WHAT YOU NEED TO DO:
Restate word for word only the lines running from the one with "最近有几波朋友来家玩都让他们" to the end of the data, both ends included. Omit any pictures.

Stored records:
■ ■ ■ ■ ■

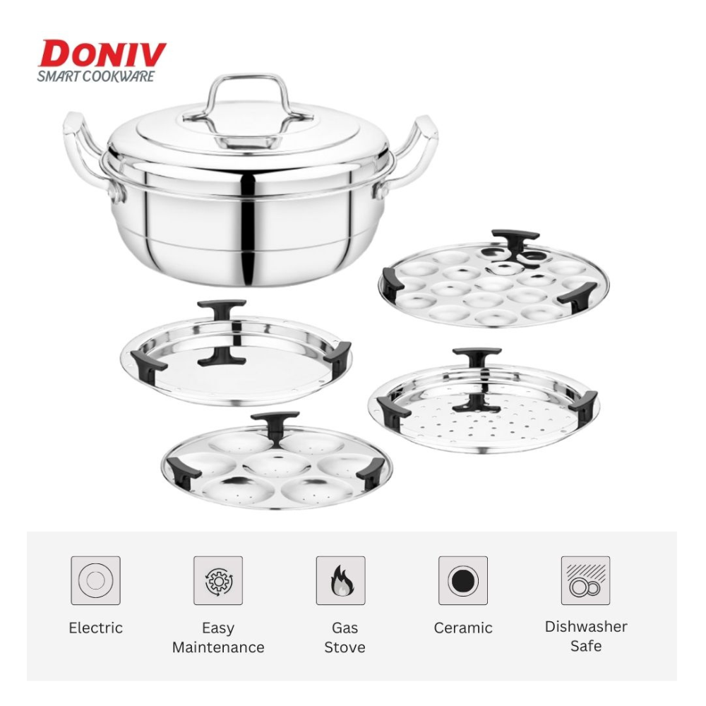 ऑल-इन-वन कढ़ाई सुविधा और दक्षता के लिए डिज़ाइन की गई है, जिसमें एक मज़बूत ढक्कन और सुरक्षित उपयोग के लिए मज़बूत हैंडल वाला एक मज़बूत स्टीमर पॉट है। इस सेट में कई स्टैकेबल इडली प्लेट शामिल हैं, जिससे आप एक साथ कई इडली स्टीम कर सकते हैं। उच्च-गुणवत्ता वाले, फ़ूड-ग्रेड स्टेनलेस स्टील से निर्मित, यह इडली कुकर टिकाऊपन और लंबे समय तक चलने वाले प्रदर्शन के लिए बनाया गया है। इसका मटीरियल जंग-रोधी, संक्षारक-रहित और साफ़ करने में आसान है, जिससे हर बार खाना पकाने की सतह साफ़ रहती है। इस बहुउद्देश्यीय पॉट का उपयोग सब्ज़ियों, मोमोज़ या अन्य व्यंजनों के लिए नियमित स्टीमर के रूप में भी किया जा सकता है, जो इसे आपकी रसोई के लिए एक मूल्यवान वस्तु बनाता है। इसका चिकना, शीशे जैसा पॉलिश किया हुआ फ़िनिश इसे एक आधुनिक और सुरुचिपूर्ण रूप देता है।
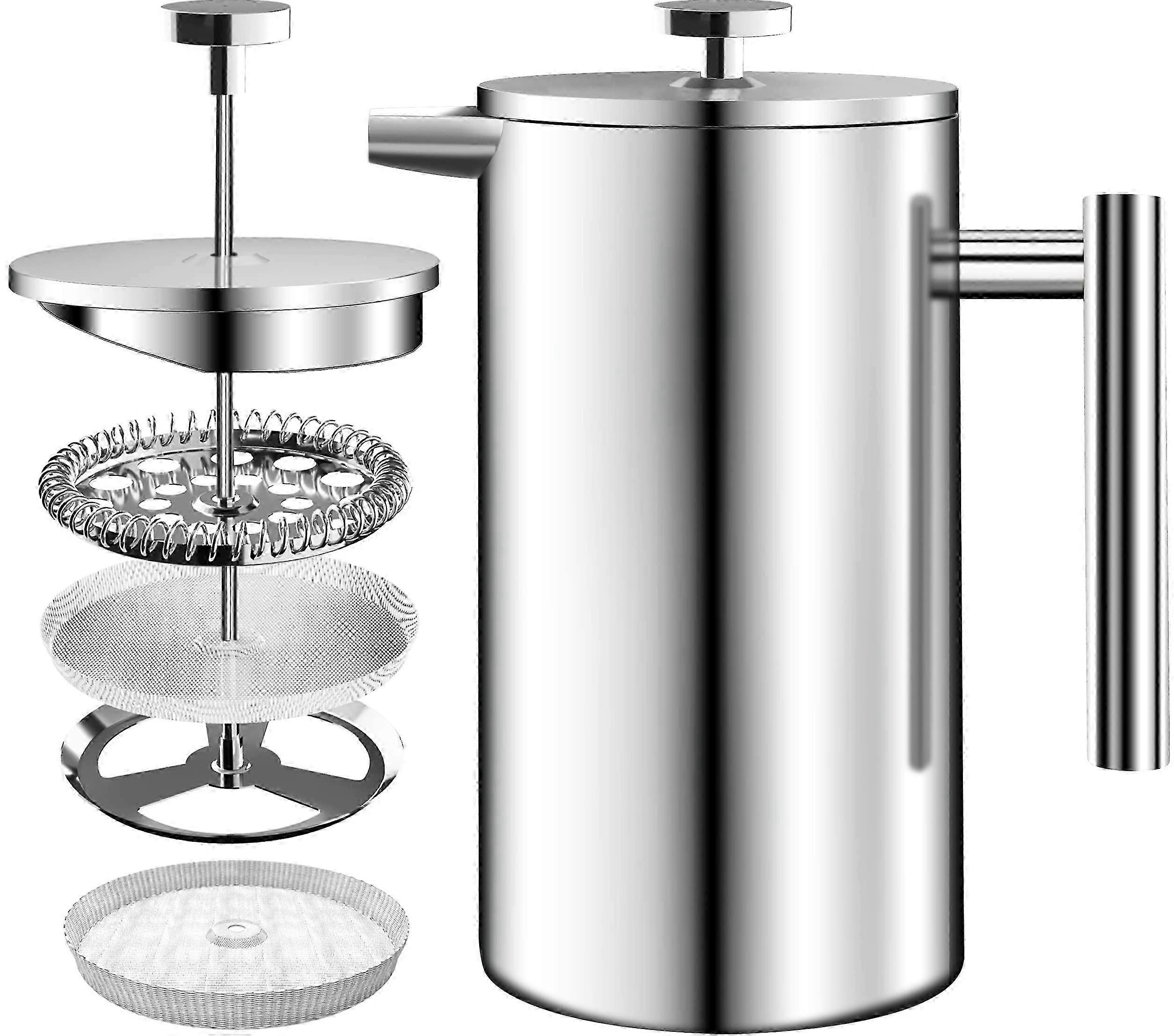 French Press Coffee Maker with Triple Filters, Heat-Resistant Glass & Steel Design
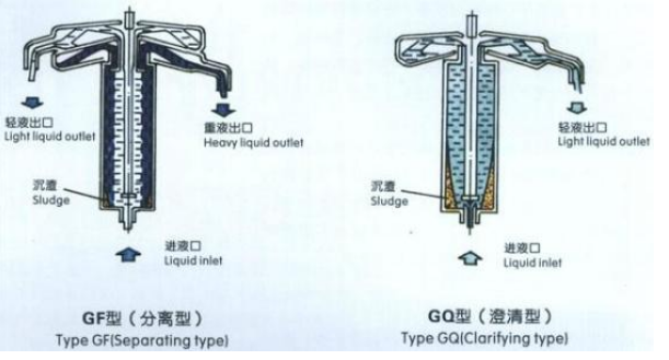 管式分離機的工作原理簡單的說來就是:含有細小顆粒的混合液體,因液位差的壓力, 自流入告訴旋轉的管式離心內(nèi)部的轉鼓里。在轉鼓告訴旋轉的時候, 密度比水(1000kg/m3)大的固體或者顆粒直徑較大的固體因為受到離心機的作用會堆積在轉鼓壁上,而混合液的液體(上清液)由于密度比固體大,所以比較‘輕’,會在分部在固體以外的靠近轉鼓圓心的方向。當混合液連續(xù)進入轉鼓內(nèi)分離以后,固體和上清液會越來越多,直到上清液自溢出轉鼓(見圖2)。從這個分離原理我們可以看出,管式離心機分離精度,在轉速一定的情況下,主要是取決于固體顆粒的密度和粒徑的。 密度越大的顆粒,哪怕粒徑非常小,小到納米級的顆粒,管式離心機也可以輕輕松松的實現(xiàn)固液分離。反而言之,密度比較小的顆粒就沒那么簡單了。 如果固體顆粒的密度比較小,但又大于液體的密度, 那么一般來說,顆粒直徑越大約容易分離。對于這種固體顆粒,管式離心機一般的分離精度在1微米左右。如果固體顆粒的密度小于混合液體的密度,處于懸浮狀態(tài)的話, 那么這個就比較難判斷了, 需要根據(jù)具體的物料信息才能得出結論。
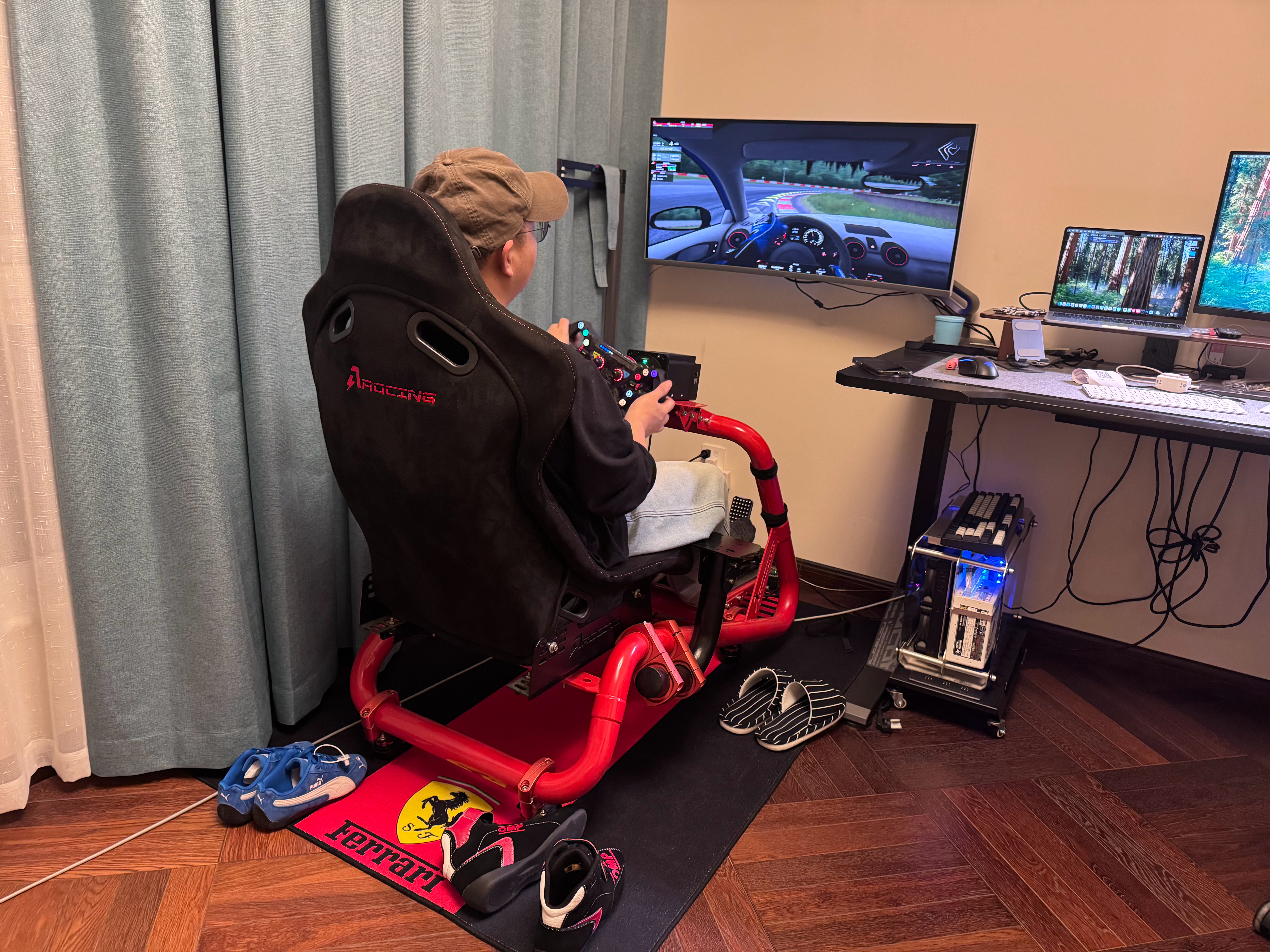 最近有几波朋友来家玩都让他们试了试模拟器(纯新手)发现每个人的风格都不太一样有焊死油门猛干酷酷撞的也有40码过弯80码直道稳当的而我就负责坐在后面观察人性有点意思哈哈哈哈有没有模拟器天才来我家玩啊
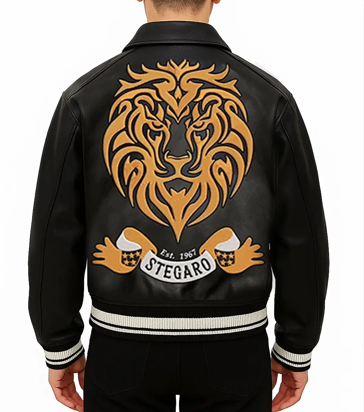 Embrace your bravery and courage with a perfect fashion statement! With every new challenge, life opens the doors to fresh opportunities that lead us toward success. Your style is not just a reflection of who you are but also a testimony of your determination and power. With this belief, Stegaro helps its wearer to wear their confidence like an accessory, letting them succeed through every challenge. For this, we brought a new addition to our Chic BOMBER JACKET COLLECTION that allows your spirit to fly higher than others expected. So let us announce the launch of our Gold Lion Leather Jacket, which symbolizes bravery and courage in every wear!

■ ■ ■ ■ ■

RESULT FOR THIS EXERCISE:
 最近有几波朋友来家玩都让他们试了试模拟器(纯新手)发现每个人的风格都不太一样有焊死油门猛干酷酷撞的也有40码过弯80码直道稳当的而我就负责坐在后面观察人性有点意思哈哈哈哈有没有模拟器天才来我家玩啊
 Embrace your bravery and courage with a perfect fashion statement! With every new challenge, life opens the doors to fresh opportunities that lead us toward success. Your style is not just a reflection of who you are but also a testimony of your determination and power. With this belief, Stegaro helps its wearer to wear their confidence like an accessory, letting them succeed through every challenge. For this, we brought a new addition to our Chic BOMBER JACKET COLLECTION that allows your spirit to fly higher than others expected. So let us announce the launch of our Gold Lion Leather Jacket, which symbolizes bravery and courage in every wear!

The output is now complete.